El Ruso Zamogilny reflexiona:“Lo que al final del día importa es lo que haces en la cancha y ninguna condición sexual debe afectar el desempeño de un jugador”.

En términos de negocio, dice Eric Olavarrieta, que un jugador dé a conocer su homosexualidad “sería un buen acierto de los clubes a nivel de imagen, darían un mensaje de inclusión, pero además puede generar la participación de patrocinadores no tradicionales y con ello ingresos”.

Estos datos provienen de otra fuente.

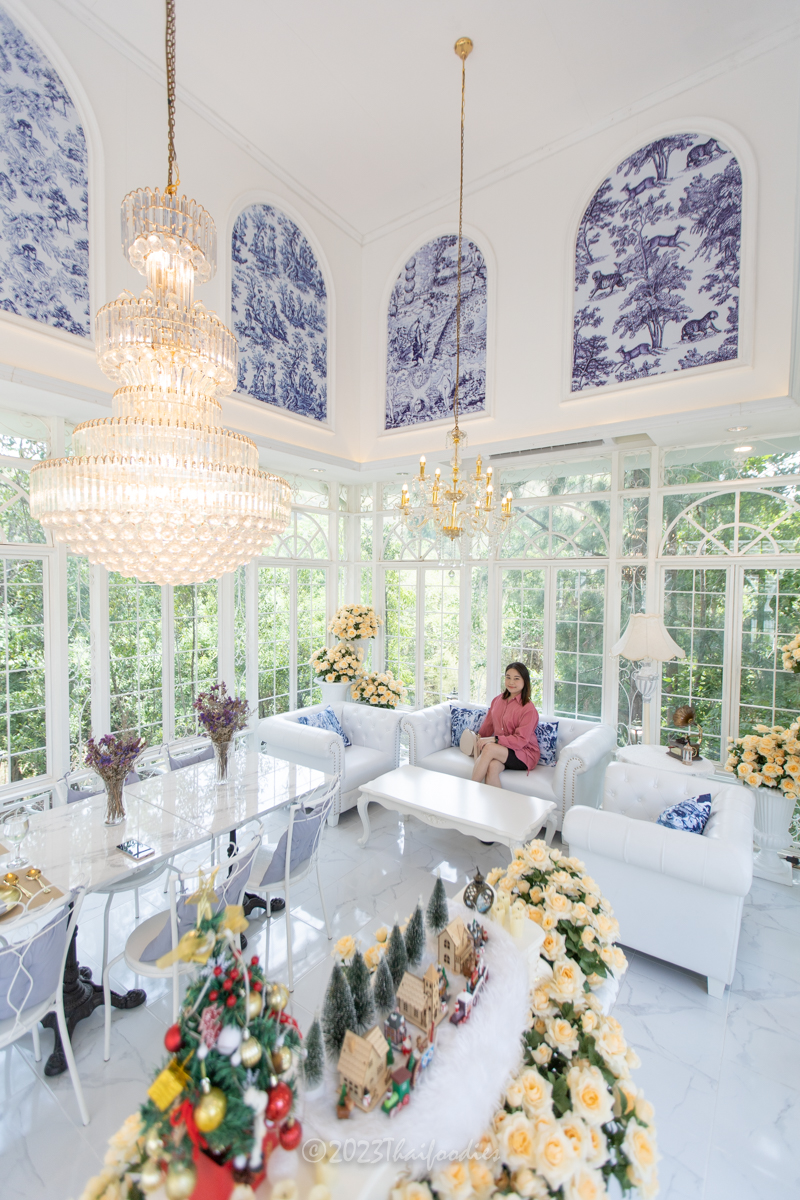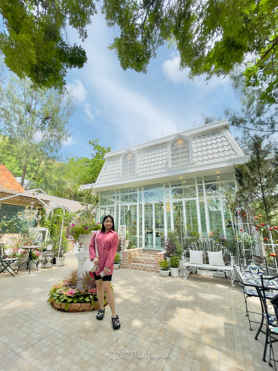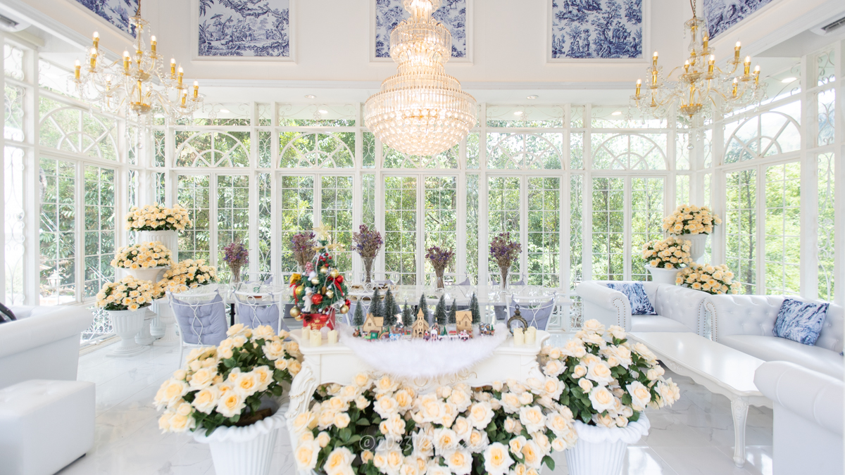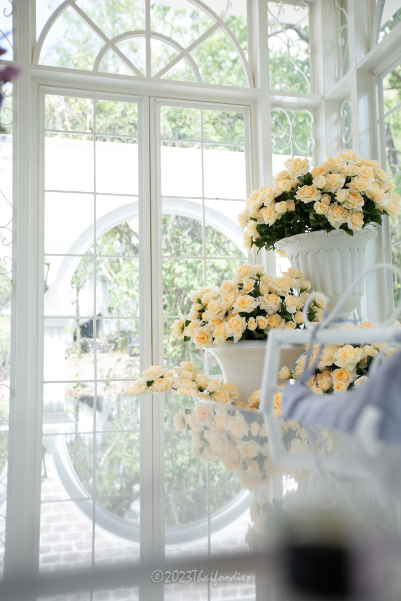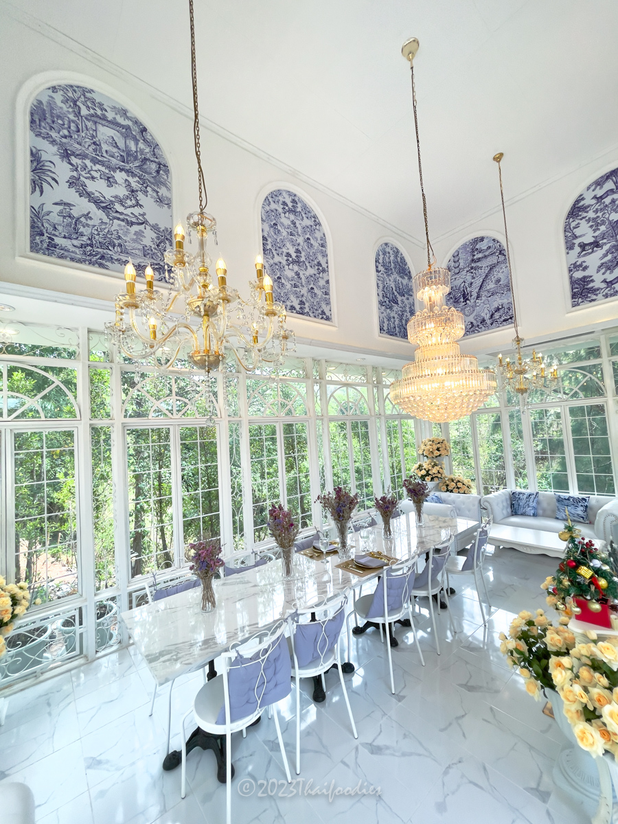 The atmosphere is beautiful scenery mountain of Suanpheung Ratchaburi, has a nice ambience. The glass house decorations with flowers and elegant chandelier light. These interior ideas the owner get inspiration by France.

Didesex, que recientemente fue a jugar un torneo de futbol de diversidad sexual en Amberes, Bélgica, ha tenido acercamientos con empresas como Nike, Adidas o Gatorade, además de algunas empresas de condones: “Las marcas nos ven con buenos ojos”, dice Iván Lara, delegado del equipo. Muchas de estas compañías ya tienen participación en el futbol profesional en México.

En abril, la transnacional Nike hizo público que está listo para patrocinar al primer atleta gay; en México, el mercado LGBT genera una derrama económica anual de 4,600 millones de dólares, de lo que hasta ahora el futbol mexicano no participa directamente. Un mercado por explorar para la Liga MX, que por cierto, ignora el tema.